As I said above, Gold only gained 80-cents yesterday, after being up over $5 in the early morning trading. Ted Butler, no relation that I know of, the Silver guru, pointed out yesterday that the press release regarding the Deutsche Bank trader that pleaded guilty of spoofing with Gold, Silver, Platinum and Palladium, left out something. And that is that all this illegal trading was going on during the CFTC’s (commodity regulator) 5 year investigation into Silver manipulation. Remember that, I totally recall Bart Chilton, former Commissioner at the CFTC, on TV telling people that the CFTC saw no signs of manipulation. Uh Oh.

The U.S. Data Cupboard yesterday, like I told you yesterday, was full of a bunch of economic data, but the one that I pointed out as the only one I cared about, showed up in the red. Factory Orders for April were negative -0.2%… Since April is the first month of the second quarter, and there were high hopes, yes we’ve got high hopes, we’ve got those high apple pie in the sky hopes, that the 2nd QTR was going to take off to higher ground so that the Fed could point to how proactive they were in hiking rates. And there is still 2 more months of data to round out the 2nd QTR, but quite frankly, I just don’t see the high hopes coming to fruition! And, when it all comes down the pike, the Fed is going to have to reverse their rate hikes because the rate hikes put the economy into a recession! And Factory Orders is a “real economics” piece of data folks. And with it printing negative for April, it sure isn’t getting out of the batter’s box with any speed is it? No, instead, it’s stumbling, fumbling, rumbling its way down the first base line, only to fall flat on its face before it reaches 1st base! (reminds me of my beloved Cardinals base running!)

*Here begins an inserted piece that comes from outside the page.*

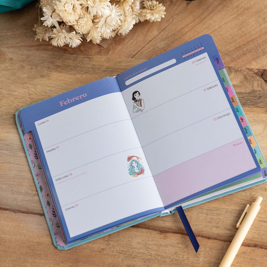 Menos exigencias, más disfrute: esta es la propuesta de María Hesse para el 2026.La nueva agenda diaria de María Hesse 2026 es una invitación a escribir sin prisa, sin límites y sin que nada se te quede en el tintero. A diferencia de la versión semana vista, pensada para una organización más visual y rápida, esta agenda es ideal para quienes necesitan tiempo y espacio para desarrollar ideas, registrar pensamientos, anotar cada detalle o incluso llevar un diario personal. Con su inconfundible estilo, la ilustradora María Hesse convierte cada página en un refugio de belleza, sensibilidad y expresión. Cada día de entre semana dispone de una página completa (sábado y domingo se agrupan en una página), lo que la hace especialmente útil como accesorio de trabajo o estudio. Incluye ilustraciones exclusivas, textos que invitan a desconectar, y páginas extra para tus listas favoritas, anotaciones libres o proyectos creativos, pegatinas, póstits y un bolsillo doble. No es solo una agenda: es una declaración de intenciones para las que quieren ir más allá de lo práctico y convertir la rutina en algo más profundo, más artístico, más suyo. Perfecta para regalar (o regalarte) si buscas acompañarte de arte y empoderamiento cada día del año. Características: Formato: 16,8 x 22,8 cm. Formato interior 16,4 x 22,2 cm. 388 páginas. 1 página con tacos de pósits. 4 páginas de adhesivos. Bolsillo doble. Goma de cierre. Pestañas plastificadas. Esquinas redondeadas. Tapa dura. Estamping rosa metalizado en la portada. Wire-o.

Today’s Data Cupboard is pretty much empty, and already the markets are writing off tomorrow’s data, as they focus on the triple-witching Thursday.. But I think tomorrow’s data is important, as it will be the April print of Consumer Credit, which should read, Debt. But we all know what it is, and it will be interesting to see if March’s $16 Billion number is overcome by April’s or not. Remember, Easter was in April this year. I’m just saying.

To recap. The dollar has stabilized, against the currencies and metals for the most part, except the Japanese yen, which overnight rallied VS the dollar through its 200-day moving avg. Chuck thinks it’s simply an anti-risk trade with the triple-witching day on Thursday, with the U.K. election, an ECB meeting, and the Comey testimony. Gold only gained 80-cents yesterday, and is down a buck or two in the early morning trading today. The Indian rupee and Singapore dollar are both moving stronger in a stealth-like manor, as to not ruffle the feathers of analysts that go all Chicken Little when these two begin to make noise with their rallies. The Chinese renminbi has also been on the move, positively, reversing the trend that was in place for daily weakening fixings last month. Chuck uses the BLS’s own web site to prove how wrong they were to add jobs each month.

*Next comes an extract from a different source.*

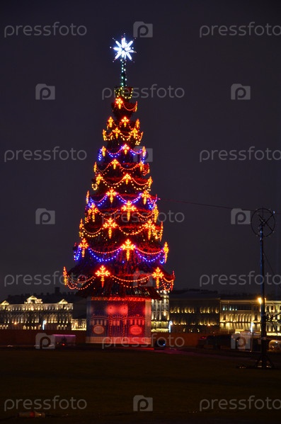 Новогодняя ель на набережной в Санкт-Петербурге

For What it’s Worth. I had a choice this morning between an article on why Consumers aren’t spending, or an interview with San Francisco Fed President Williams. And I chose the Consumers article, because I’m just not buying what Williams had to say, and I’m afraid I would get into trouble with that one! So, here’s the link to the article on why Consumers aren’t spending by Gary Shilling ( a well-respected economist/ analyst): https://www.bloomberg.com/view/articles/2017-06-02/why-consumers-aren-t-spending?utm_medium=email&utm_source=newsletter&utm_term=%7Bdate(%27yyMMdd%27)%7D&utm_campaign=sharetheview&utm_medium=email&utm_source=newsletter&utm_term=170603&utm_campaign=sharetheview

Or, here’s your snippet: “Consumer confidence and retail sales have not moved in tandem of late. Since the U.S. economic expansion started in mid-2009, a gauge of confidence has risen sharply from a low of 25.3 in December 2008 to 120 in April, and has accelerated recently. After an initial recovery, however, retail sales growth has trended down.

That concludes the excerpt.